By a News Reporter-Staff News Editor at Pain & Central Nervous System Week -- Current study results on Central Nervous System have been published. According to news originating from London, Canada, by NewsRx correspondents, research stated, "Opiate reward memories are powerful triggers for compulsive opiate-seeking behaviors. The basolateral amygdala (BLA) is an important structure for the processing of opiate-related associative memories and is functionally linked to the mesolimbic dopamine (DA) pathway."

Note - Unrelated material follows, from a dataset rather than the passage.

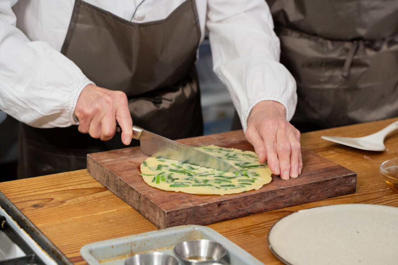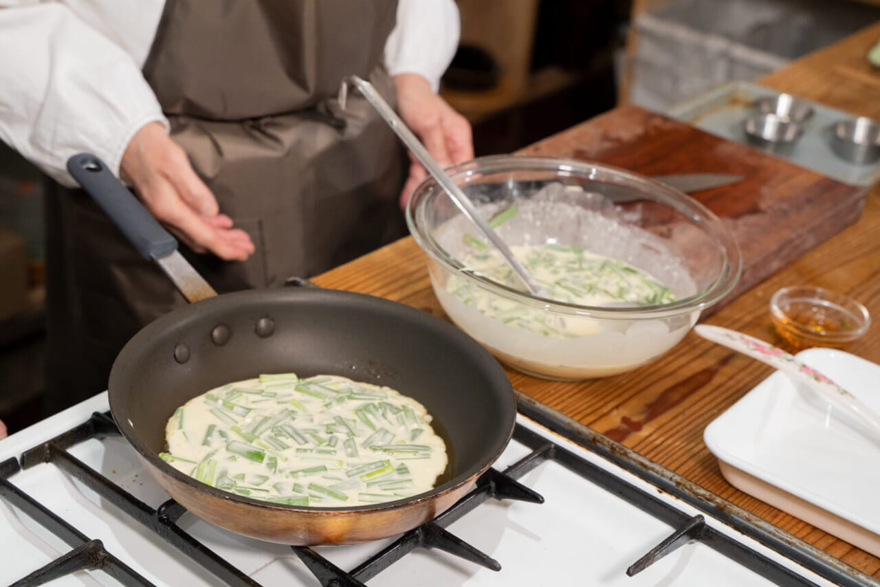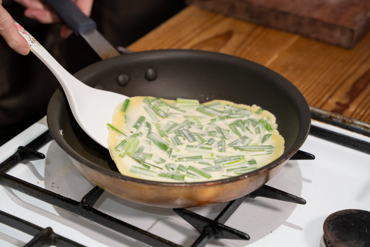 基本的に薄く焼くものですね。 - そして具材のニラは、

Our news journalists obtained a quote from the research from the University of Western Ontario, "Transmission through intra-BLA DA D1-like and D2-like receptors independently modulates the formation of opiate reward memories as a function of opiate-exposure state. Thus, in the opiate-naive state, intra-BLA D1 transmission is required for opiate-related memory formation. Once opiate dependence and withdrawal has developed, a functional switch to a DA D2-mediated memory mechanism takes place. However, the downstream molecular signaling events that control this functional switch between intra-BLA DA D1 versus D2 receptor transmission are not currently understood. Using an unbiased place conditioning procedure in rats combined with molecular analyses, we report that opiate reward memory acquisition requires intra-BLA ERK1/2 signaling only in the previously opiate-naive state. However, following chronic opiate exposure and withdrawal, intra-BLA reward memory processing switches to a CaMKII alpha-dependent memory substrate. Furthermore, the ability of intra-BLA DA D1 or D2 receptor transmission to modulate the motivational salience of opiates similarly operates through a D1-mediated ERK-dependent mechanism in the opiate-naive state, but switches to a D2-mediated CaMKII alpha-dependent mechanism in the dependent/withdrawn state."
According to the news editors, the research concluded: "Protein analysis of BLA tissue revealed a downregulation of ERK1/2 phosphorylation and a dramatic reduction in both total and phosphorylated CaMKII alpha signaling, specifically in the opiate-dependent/withdrawn state, demonstrating functional control of ERK1/2-dependent versus CaMKII alpha-dependent memory mechanisms within the BLA, controlled by opiate-exposure state."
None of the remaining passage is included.